À l’opposé, ses persécuteurs, menés par le roi Hérode et Ponce Pilate, portent de sévères robes blanches jusqu’au sol et des manteaux noirs. Dans un fausset perçant, Jésus reproche à son père, Dieu, de l'avoir mis dans cette position. Tout aussi bien qu’il le pourrait.
Cette reprise de « Jesus Christ Superstar », la comédie musicale kitsch d’Andrew Lloyd Webber et Tim Rice de 1971 sur les derniers jours de la vie de Jésus, est réalisée par l’auteur belge Ivo van Hove.

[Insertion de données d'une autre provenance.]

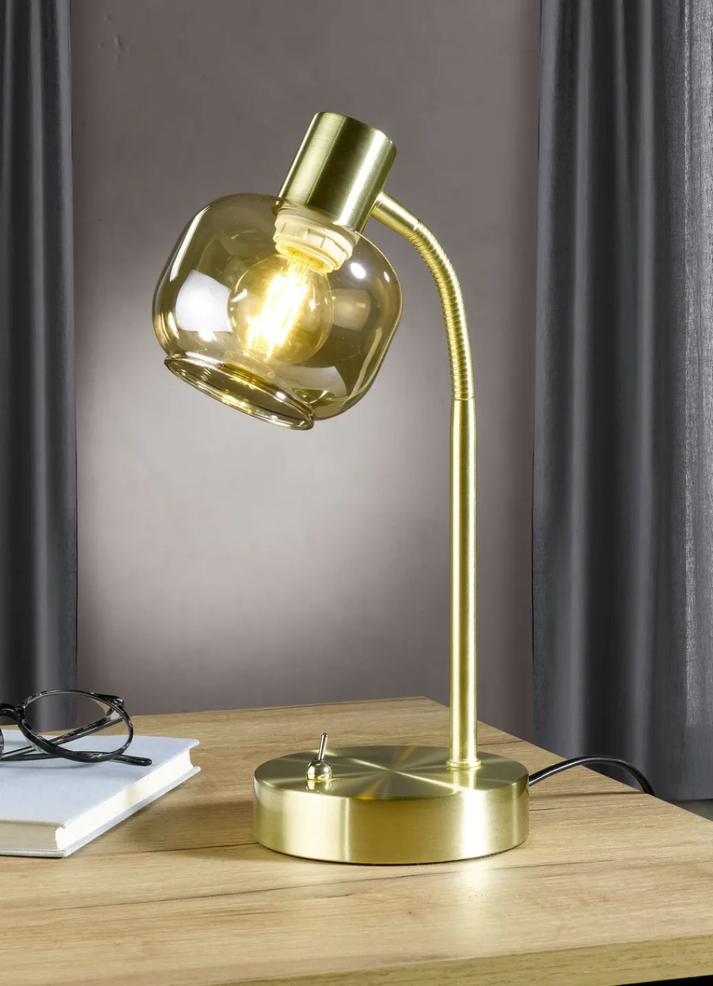 Stilechte Tischleuchte mit getöntem Glas

C'est un match étrange.
Van Hove a bâti sa réputation sur des réimaginations esthétiquement frappantes, souvent psychologiquement intenses, d'œuvres bien connues – y compris des pièces canoniques (« Hedda Gabler » et un captivant « A View from the Bridge ») ; les films hollywoodiens de l’âge d’or (« All About Eve ») ; et la fiction contemporaine (« Who Killed My Father » et « A Little Life »). Et bien que son éventail soit large, il y a toujours eu une ambition intellectuelle dans le choix de ses sujets : un intérêt sérieux pour la poétique de la tragédie humaine.
Il est donc difficile de comprend...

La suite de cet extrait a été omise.